# Activity
Reproduce the following data exactly, minus any images.

# Recorded data
=== Begin Enclosure ===

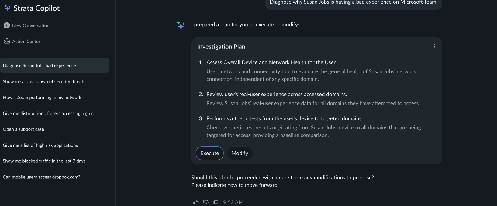 • Select a pre-suggested prompt, such as "Diagnose why Susan Jobs is having a bad experience on Microsoft Teams.". Select the query and click Modify to update the query before you execute it.
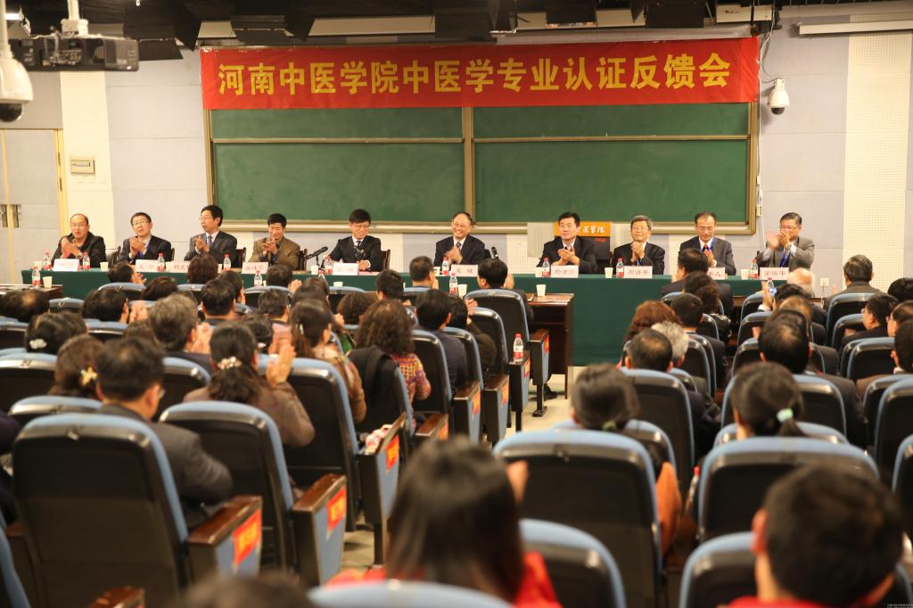 反馈会上,专家组副组长、安徽中医药大学校长王键教授代表专家组宣读了认证意见,他全面介绍了此次现场考查的过程,并对leyu·乐鱼(中国)体育官方网站及中医学专业建设情况作简要说明,从领导班子高度重视、办学定位与思路不断清晰、教学改革积极推进、教师队伍建设不断强化、学生工作扎实有效、临床教学水平不断提升、质量保障体系不断完善、科学研究与管理水平不断得到提升、教育资源不断完善等九个方面内容详细阐述了现场考查意见,并提出针对性建议:一、建议进一步加强内涵建设,注重规模与质量协调发展,加大领军人才引进和高级教师职业发展能力的培育,不断提高教师队伍的综合素质与专业化水平;二、建议进一步树立以学生为中心的教育理念,并内化为广大教职员工的思维方式、行为准则和自觉行动,不断深化教学内容、教学方法以及考试方法改革,提升学生的自主学习能力;三、建议河南省委省政府、教育厅和卫生计生委、中医管理局要继续加大政策支持和合作力度,推动学术自治,提升学校办学层次,促进学校又好又快发展。现场考查专家组认为,河南中医学院中医学专业符合本科医学教育标准中医学专业要求,建议给予完全认可。
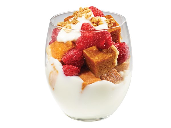 Cut 1 slice Hy-Vee Bakery pumpkin pie into cubes. In a 12-oz. glass, layer desired amount of Hy-Vee vanilla low-fat yogurt, pie cubes, and raspberries. Top with a spoonful of yogurt and granola. Serves 1.
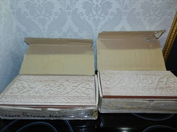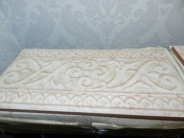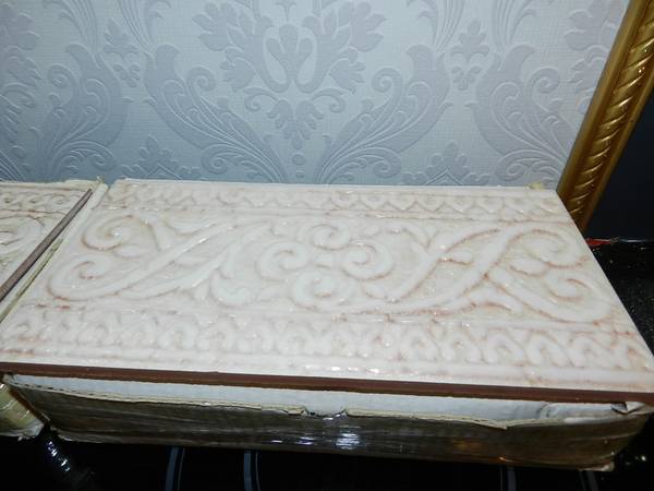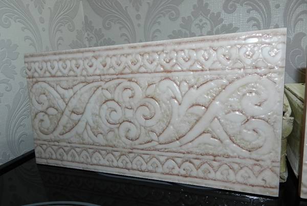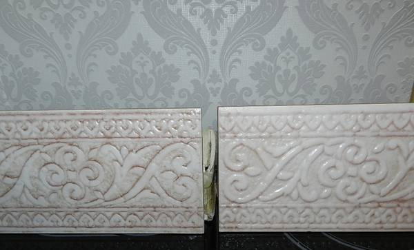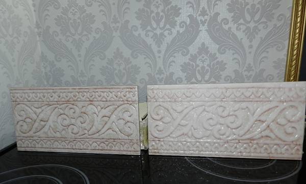 Gorgeous embossed relief decorative border tiles. Great for a back splash+kitchen+fireplace surround+mantle+++ Colour neutral with shades of soft pink+taupe+white. Hand made in Spain varying shades of soft colours. Cenefa Petunia Tiles

=== End Enclosure ===

# Response
 • Select a pre-suggested prompt, such as "Diagnose why Susan Jobs is having a bad experience on Microsoft Teams.". Select the query and click Modify to update the query before you execute it.
 反馈会上,专家组副组长、安徽中医药大学校长王键教授代表专家组宣读了认证意见,他全面介绍了此次现场考查的过程,并对leyu·乐鱼(中国)体育官方网站及中医学专业建设情况作简要说明,从领导班子高度重视、办学定位与思路不断清晰、教学改革积极推进、教师队伍建设不断强化、学生工作扎实有效、临床教学水平不断提升、质量保障体系不断完善、科学研究与管理水平不断得到提升、教育资源不断完善等九个方面内容详细阐述了现场考查意见,并提出针对性建议:一、建议进一步加强内涵建设,注重规模与质量协调发展,加大领军人才引进和高级教师职业发展能力的培育,不断提高教师队伍的综合素质与专业化水平;二、建议进一步树立以学生为中心的教育理念,并内化为广大教职员工的思维方式、行为准则和自觉行动,不断深化教学内容、教学方法以及考试方法改革,提升学生的自主学习能力;三、建议河南省委省政府、教育厅和卫生计生委、中医管理局要继续加大政策支持和合作力度,推动学术自治,提升学校办学层次,促进学校又好又快发展。现场考查专家组认为,河南中医学院中医学专业符合本科医学教育标准中医学专业要求,建议给予完全认可。
 Cut 1 slice Hy-Vee Bakery pumpkin pie into cubes. In a 12-oz. glass, layer desired amount of Hy-Vee vanilla low-fat yogurt, pie cubes, and raspberries. Top with a spoonful of yogurt and granola. Serves 1.
 Gorgeous embossed relief decorative border tiles. Great for a back splash+kitchen+fireplace surround+mantle+++ Colour neutral with shades of soft pink+taupe+white. Hand made in Spain varying shades of soft colours. Cenefa Petunia Tiles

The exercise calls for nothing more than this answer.